Throughout our meal, Jennifer routinely stopped by to check in on us as did the other waitress working the floor. We were well cared for from start to finish- plates were cleared smoothly, water glasses were kept filled and there was never a feeling of being rushed. The staff members seemed to relish working there and were eager to assist. My dining companion and I were having such a great time chatting that we decided to stay a bit longer and indulge in splitting a dessert. I'm not sure if Tuli makes their desserts in house but the lemon creme brulee that night was divine. As someone who's prepared many a brulee in her lifetime (all those years waiting tables), I know how easy it is to overtorch. Our brulee was crispy perfection.

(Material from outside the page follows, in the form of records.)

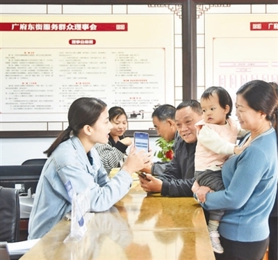 河北省邯郸市永年区加强党群服务中心建设,深入实施综合服务站提升工程。图为永年区广府镇综合服务站工作人员(左一)在帮助群众办理业务。 |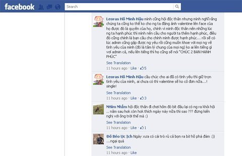 Với những chàng đã chia tay người yêu thì cũng không giấu được nỗi buồn. "Valentine buồn !!!!!!!! Mình có người yêu nhưng chia tay 2 năm rồi, đây là năm thứ 3 mình cô đơn...", vipa...tuan chia sẻ. Người mới chia tay thì cũng đầy tâm trạng khắc khoải, "mới chia tay ny tháng 11 năm trước. Tính đến giờ cũng 1 năm rồi nhỉ. Cũng mua quà rồi nhưng không tặng, mua theo thói quen thôi".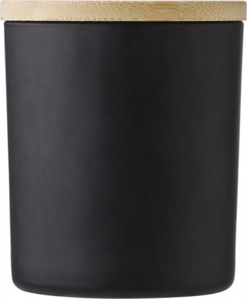Sklenená sviečka s voskom na rastlinnej báze a bambusovým viečkom. Sviečka má dobu horenia okolo 46 hodín. 4 vône v závislosti od farby: škorica (červená), vanilka (biela), santalové drevo (čierna) a jazmín (zelená). Jednotlivo balené v bielej tube.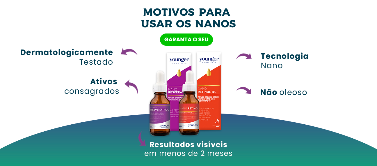 A linha Younger Nano Skin consegue através da nanotecnologia atingir as camadas mais profundas da pele, prevenindo e combatendo os sinais de envelhecimento.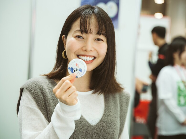 大会組織委員会でアスリート委員会の委員を務めている伊藤さん(右)この日は、缶バッジ作成ブースも、行列を作っていた。選べるデザインのうち、西田はウズミンをチョイス。大会エンブレムのイラストと「swimming」の文字をあしらってオリジナル缶バッジの完成! さっそくリュックにつけていた。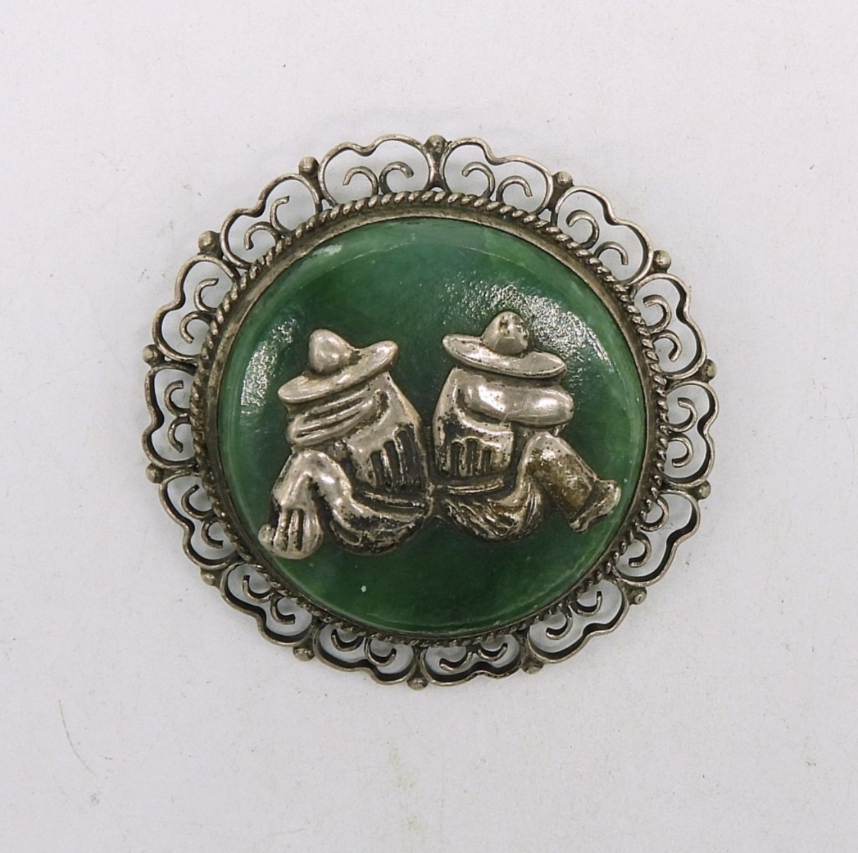 Vintage Sterling Mexico Jade Siesta Brooch. (18.2 DWT)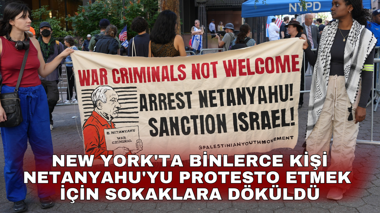 Bazı göstericiler, Gazze'de insanlığa karşı işlenen suçlar ve savaş suçları nedeniyle aleyhinde Uluslararası Ceza Mahkemesi (UCM) tarafından hakkında tutuklama emri bulunan Netanyahu'nun, New York'a gelmesine izin verilmesini "korkunç bir durum" olarak nitelendirdi.

As a resident of Midtown, it's great to see more and more independently owned neighborhood restaurants open up. Adam Pechal's done a great job converting the small quarters into a warm, inviting eating establishment. I've heard they do a bustling lunchtime business but I think Tuli is better enjoyed on a quiet, weeknight. You get attentive service and can indulge in a relaxing meal. The entree prices are a bit high but as they are using fresh, local ingredients and are a small business, I can see how they need to charge a little more to cover their overhead. Hopefully in time, they'll expand their dinner menu as I'd like add Tuli into my regular rotation of Midtown eateries. I do have to admit though that I raised an eyebrow when a well-meaning coworker advised me that the term "tuli" refers to a ritual circumsion in the Phillipines. Ouch!